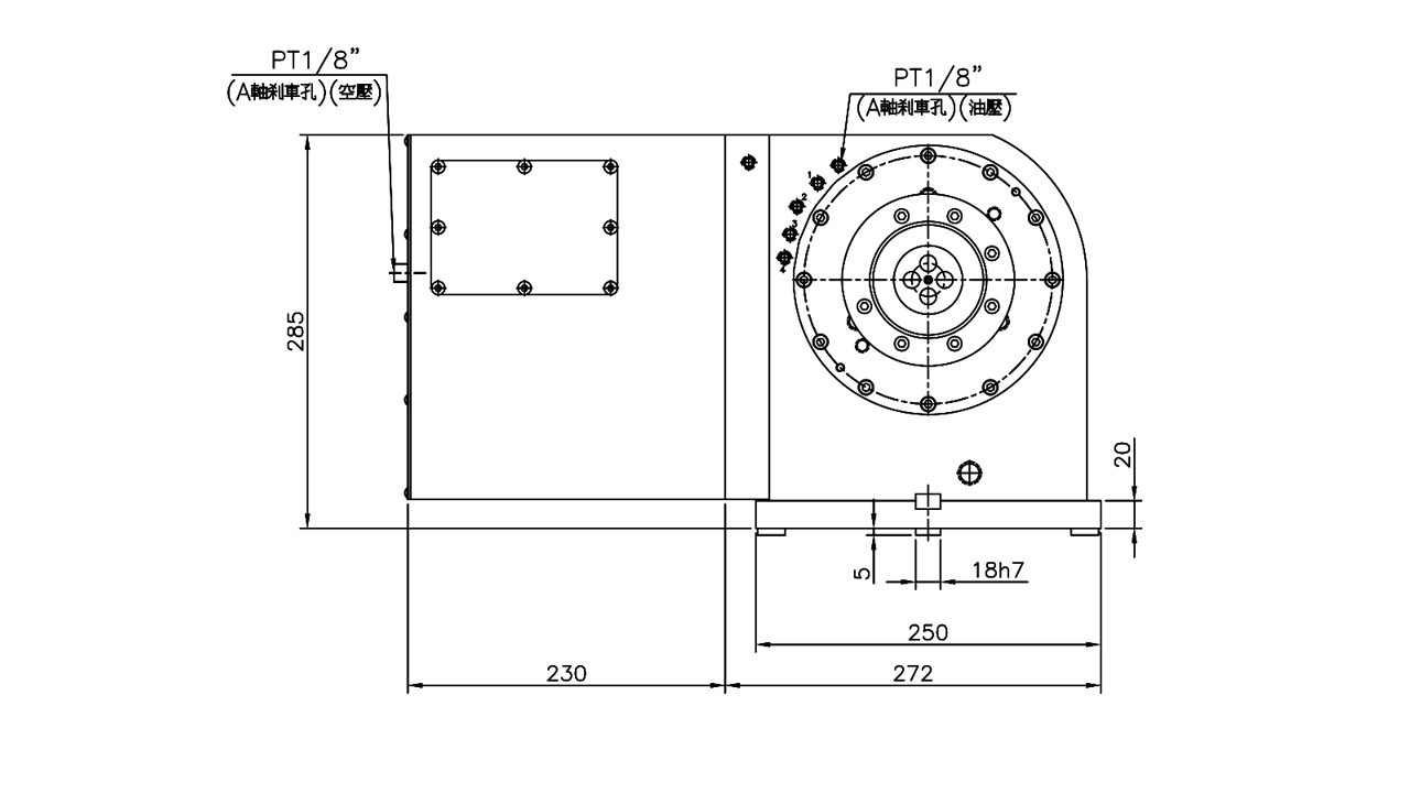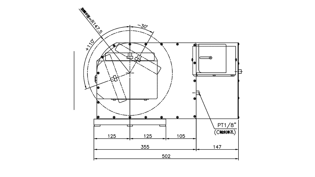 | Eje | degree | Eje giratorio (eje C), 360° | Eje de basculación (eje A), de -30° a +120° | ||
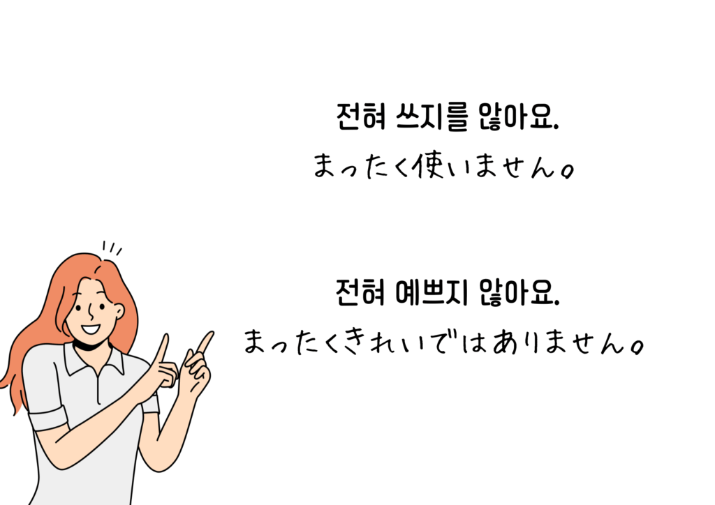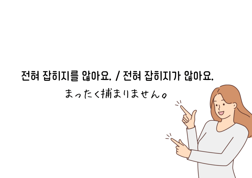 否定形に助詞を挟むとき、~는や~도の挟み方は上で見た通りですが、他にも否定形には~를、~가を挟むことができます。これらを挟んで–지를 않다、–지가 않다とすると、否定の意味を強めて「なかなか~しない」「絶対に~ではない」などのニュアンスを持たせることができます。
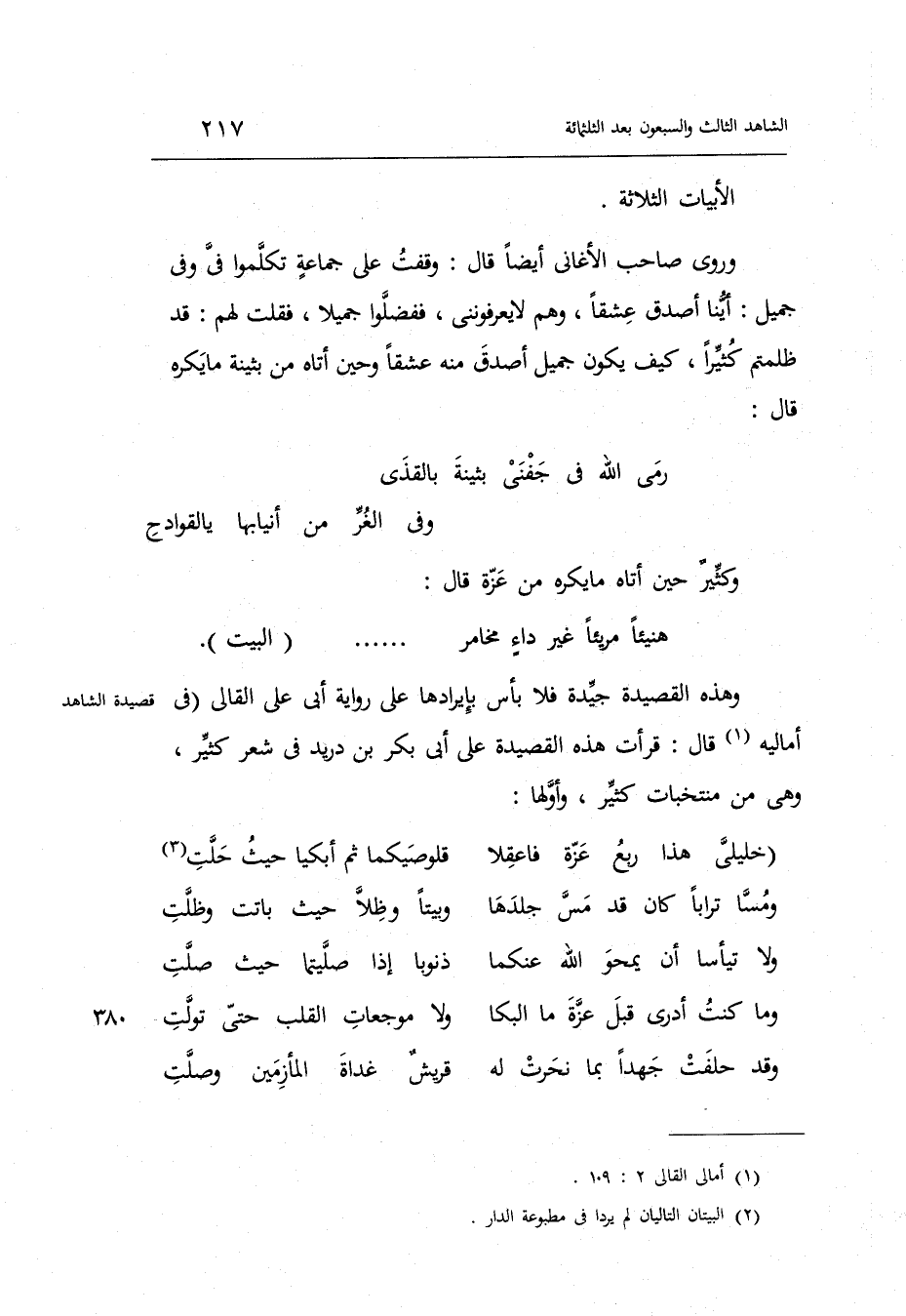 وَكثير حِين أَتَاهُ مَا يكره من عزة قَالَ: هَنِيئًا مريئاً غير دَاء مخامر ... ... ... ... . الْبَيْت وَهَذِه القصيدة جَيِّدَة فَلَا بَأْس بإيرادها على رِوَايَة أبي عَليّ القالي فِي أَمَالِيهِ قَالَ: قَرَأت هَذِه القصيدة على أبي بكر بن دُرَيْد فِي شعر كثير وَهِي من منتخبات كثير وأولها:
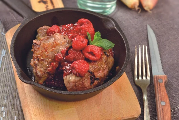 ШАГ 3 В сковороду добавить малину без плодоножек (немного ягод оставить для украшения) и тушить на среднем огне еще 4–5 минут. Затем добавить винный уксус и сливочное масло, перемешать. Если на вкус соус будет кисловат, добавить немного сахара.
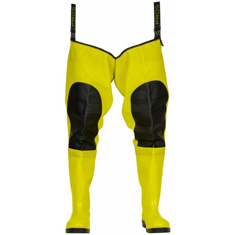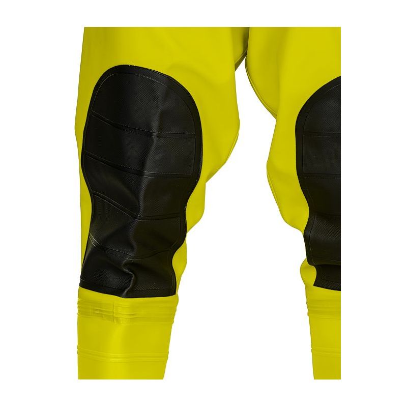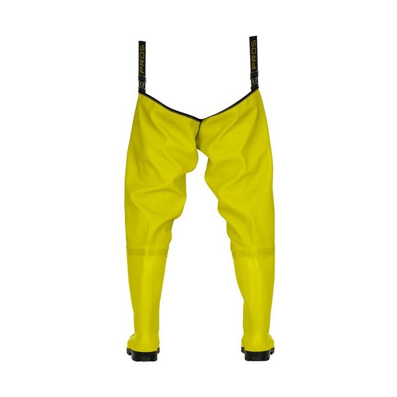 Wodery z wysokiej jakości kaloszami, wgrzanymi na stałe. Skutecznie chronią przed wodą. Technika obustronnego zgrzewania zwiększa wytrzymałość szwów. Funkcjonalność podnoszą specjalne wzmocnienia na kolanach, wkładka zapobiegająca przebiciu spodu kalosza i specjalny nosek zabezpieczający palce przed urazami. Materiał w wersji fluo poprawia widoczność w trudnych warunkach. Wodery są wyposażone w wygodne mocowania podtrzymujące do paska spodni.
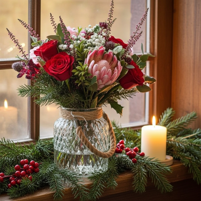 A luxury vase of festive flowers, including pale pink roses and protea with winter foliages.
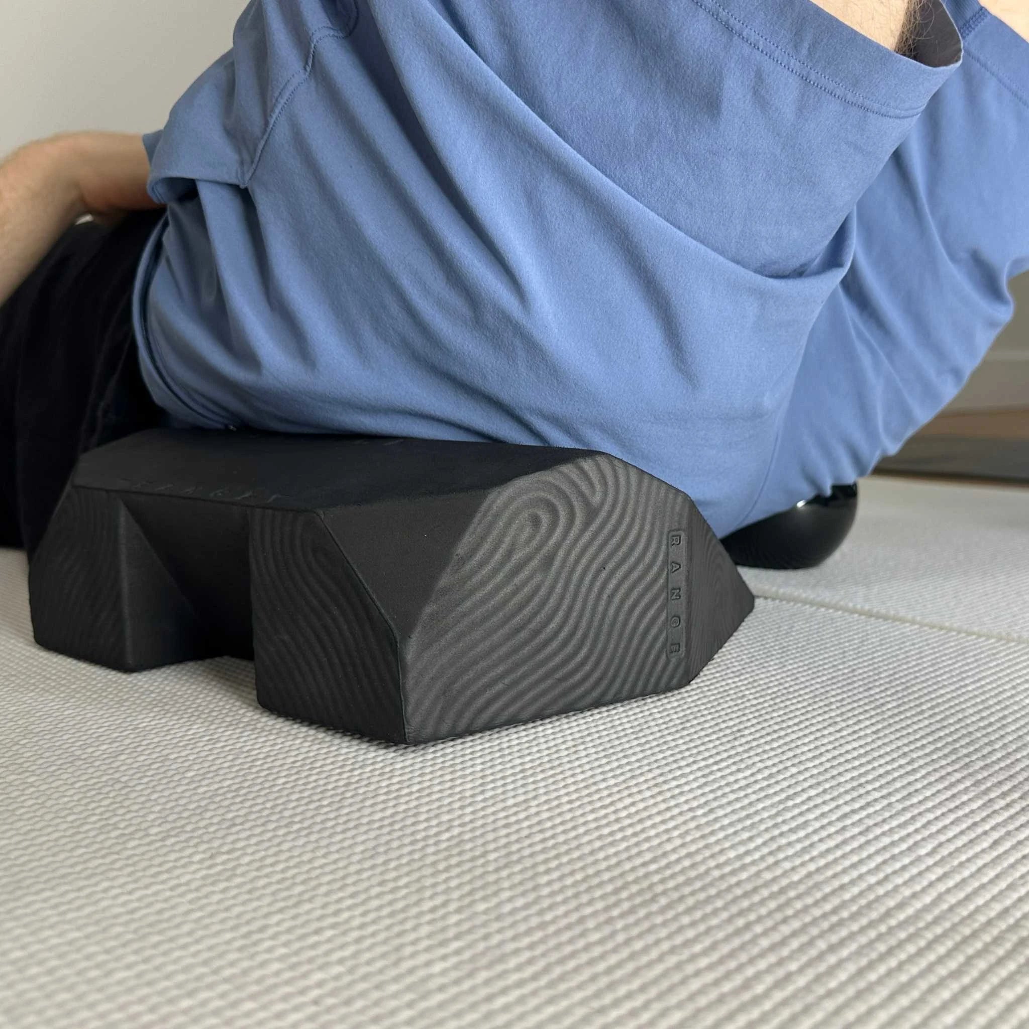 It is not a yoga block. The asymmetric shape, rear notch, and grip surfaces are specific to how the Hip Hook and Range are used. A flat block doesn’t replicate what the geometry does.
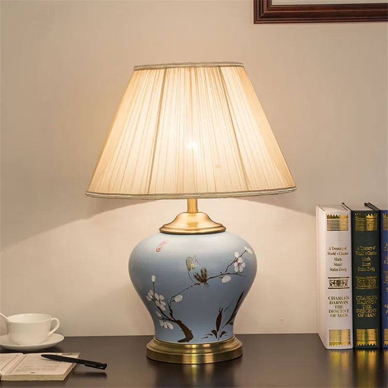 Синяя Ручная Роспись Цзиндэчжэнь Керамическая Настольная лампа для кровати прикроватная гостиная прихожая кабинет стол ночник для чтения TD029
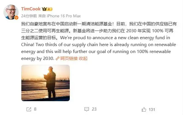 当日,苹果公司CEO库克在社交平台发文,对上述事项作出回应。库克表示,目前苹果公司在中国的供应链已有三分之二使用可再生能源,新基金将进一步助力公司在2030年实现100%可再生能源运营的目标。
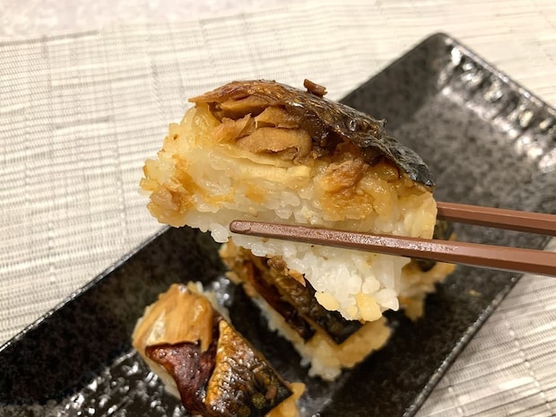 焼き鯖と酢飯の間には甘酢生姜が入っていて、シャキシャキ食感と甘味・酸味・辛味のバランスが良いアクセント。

Work item:
Please repeat, with no pictures, each line from the start of the records above through the line with "وَكثير حِين أَتَاهُ", inclusive, and only those.

Exercise answer:
 | Eje | degree | Eje giratorio (eje C), 360° | Eje de basculación (eje A), de -30° a +120° | ||
 否定形に助詞を挟むとき、~는や~도の挟み方は上で見た通りですが、他にも否定形には~를、~가を挟むことができます。これらを挟んで–지를 않다、–지가 않다とすると、否定の意味を強めて「なかなか~しない」「絶対に~ではない」などのニュアンスを持たせることができます。
 وَكثير حِين أَتَاهُ مَا يكره من عزة قَالَ: هَنِيئًا مريئاً غير دَاء مخامر ... ... ... ... . الْبَيْت وَهَذِه القصيدة جَيِّدَة فَلَا بَأْس بإيرادها على رِوَايَة أبي عَليّ القالي فِي أَمَالِيهِ قَالَ: قَرَأت هَذِه القصيدة على أبي بكر بن دُرَيْد فِي شعر كثير وَهِي من منتخبات كثير وأولها:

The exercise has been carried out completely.